Растягиваю тент на совесть. Кочки большие, неровные. Чтобы колья, попавшие в углубления между ними, лучше держались в мягкой глубокой моховой подстилке, срезаю длинные ветки и для страховки закалываю их в петли нижнего края тента. Натаскиваю из реки валунов и заваливаю нижний край тента по всему периметру для прочности, чтоб ветер не снес мою крышу. Пальцы, немного отогревшиеся, снова леденеют.
На Гачгагыргывааме в непогоду меня защищали деревья, здесь я как на ладони. Затаскиваю каяк на откос, кладу его, перевернув, у входа, на подветренной стороне тента. Набираю полный котелок воды, вещи закидываю под тент, на коленях заползаю внутрь и, наконец, оказываюсь в безветрии — на меня ничего не давит.

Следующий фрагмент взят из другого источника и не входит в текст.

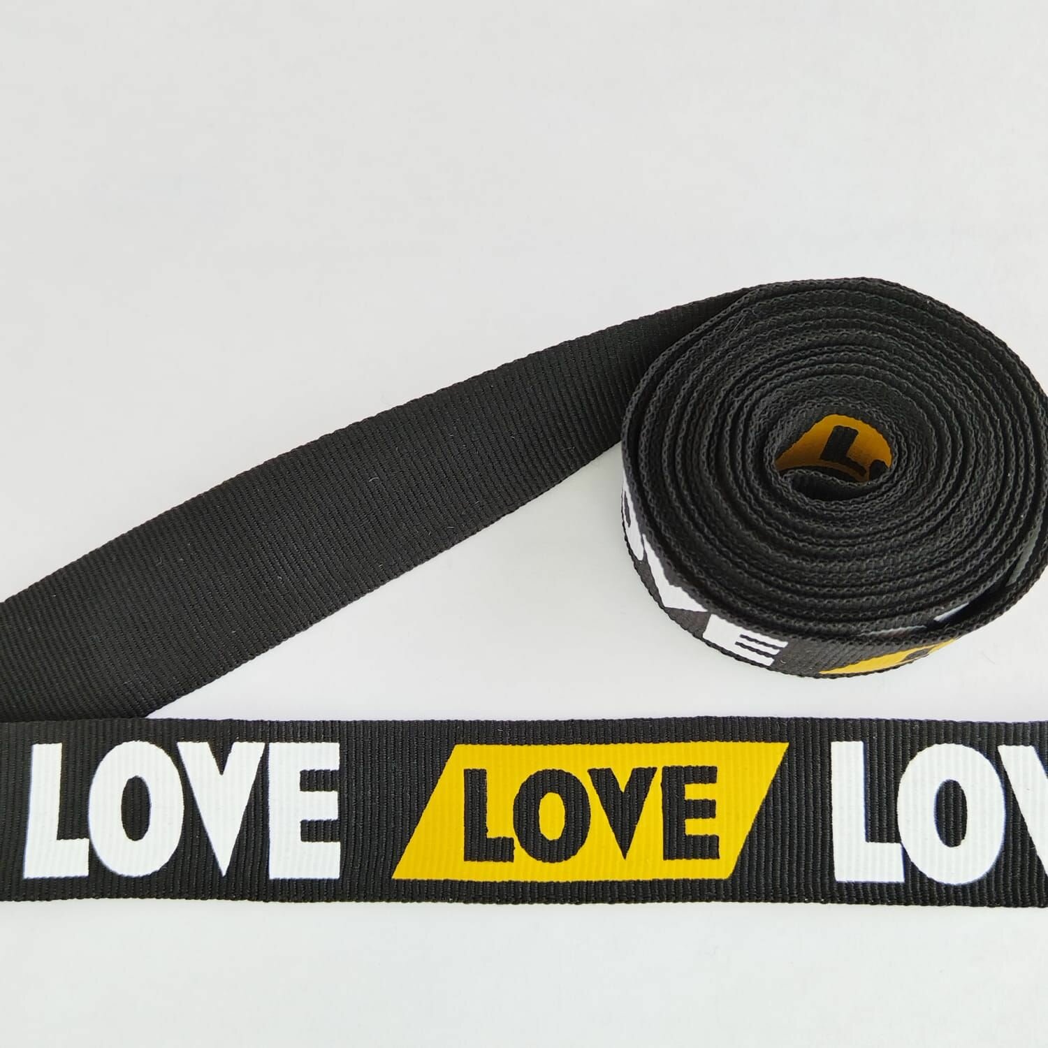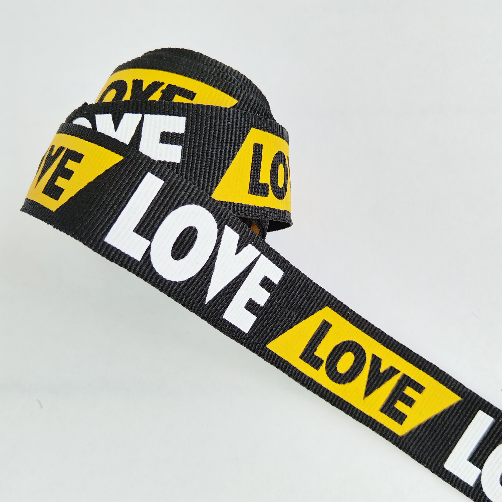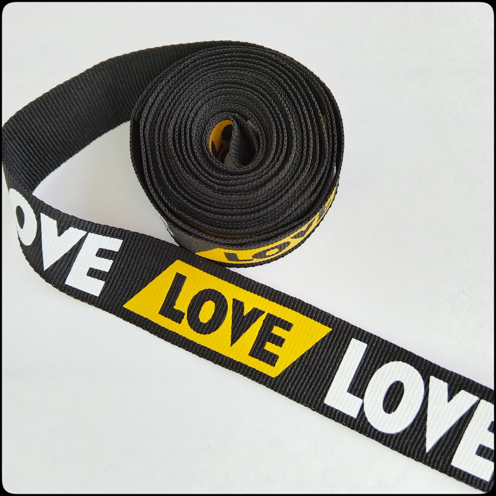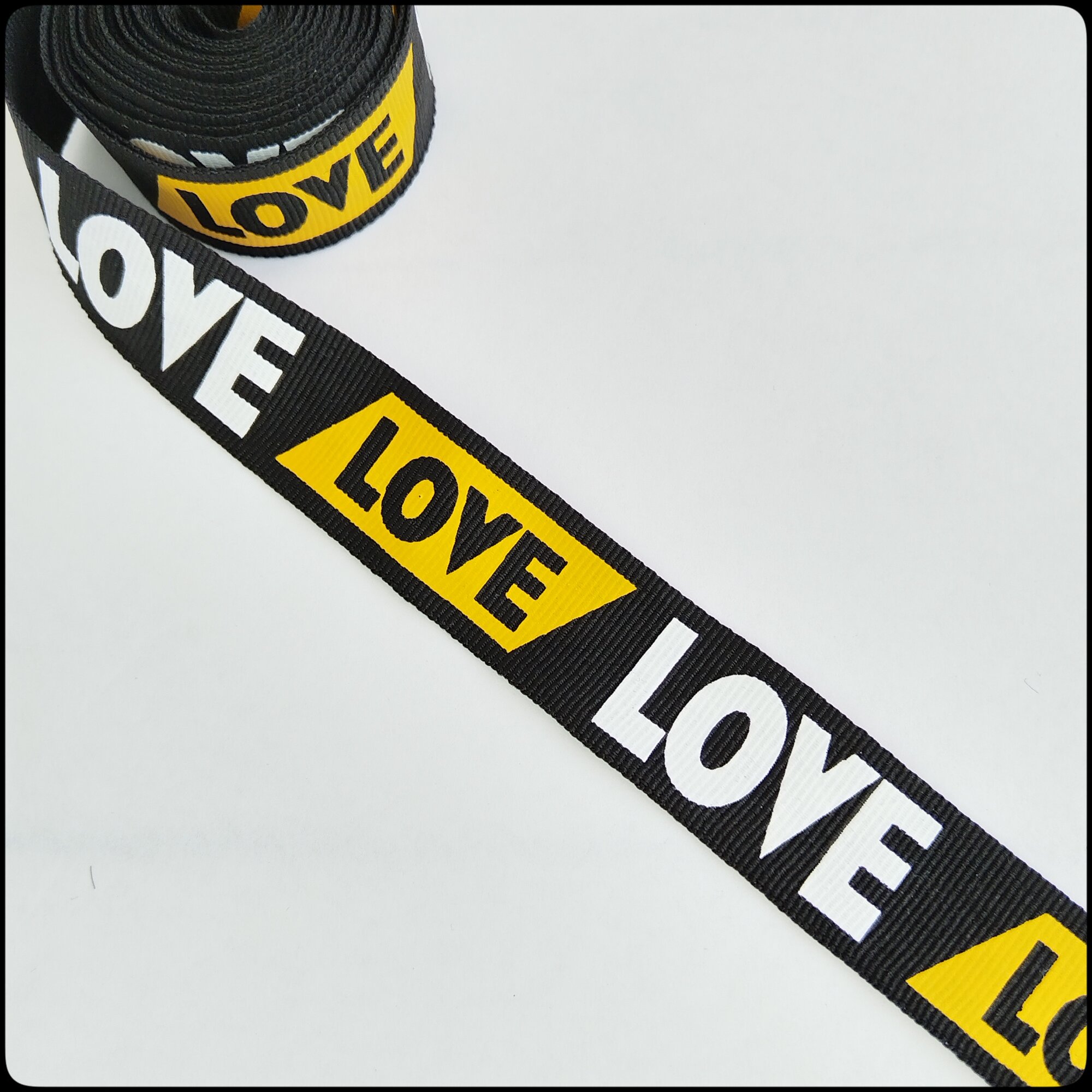 Тесьма /лента репсовая для шитья принт LOVE ш.25 мм, в упаковке 3 м, для шитья, творчества, рукоделия.

Застегиваю молнию входа, для надежности прикалываю вход колышками.
Все мокро вокруг: все листочки голубики, копеечные резные листики карликовой березки, осочки и лишайники, водяника и багульник — весь ковер тундры — мой пол, моя постель — все в капельках влаги.
Недостатком моего тента было то, что со стороны полукруглой, из трех треугольников сшитой, входной стенки-апсиды мне не хватило материала сделать надставку-полосу для заваливания камнями, и поэтому спереди всегда оставалась щель в 3–4 сантиметра шириной. Ее я сразу изнутри загораживаю гермомешками, под тентом становится еще теплее. За лопасть стойки-весла убираю круглый котелок с водой — теперь из моего убежища можно не вылезать хоть до завтрашнего обеда.
Впервые за путешествие достаю бережно завернутую в материю мою крохотную горелочку, навинчиваю на газовый баллон, маленький полулитровый котелочек подвешиваю над пламенем на маленькой рогульке (вдруг разольется, если просто поставить на подставку), накрываю сверху все сооружение куском стеклоткани почти до земли — нельзя терять драгоценную энергию пламени. Просовываю ладони под ткань, ощущая живительное тепло. Сначала кипячу воду для чая, потом в этом же котелочке варю порцию геркулесовой каши — отмеряю пять горстей крупы, заправляю сухим молоком и сахаром. Выковыриваю из пластиковой банки немного, на кончике ложки, топленого масла.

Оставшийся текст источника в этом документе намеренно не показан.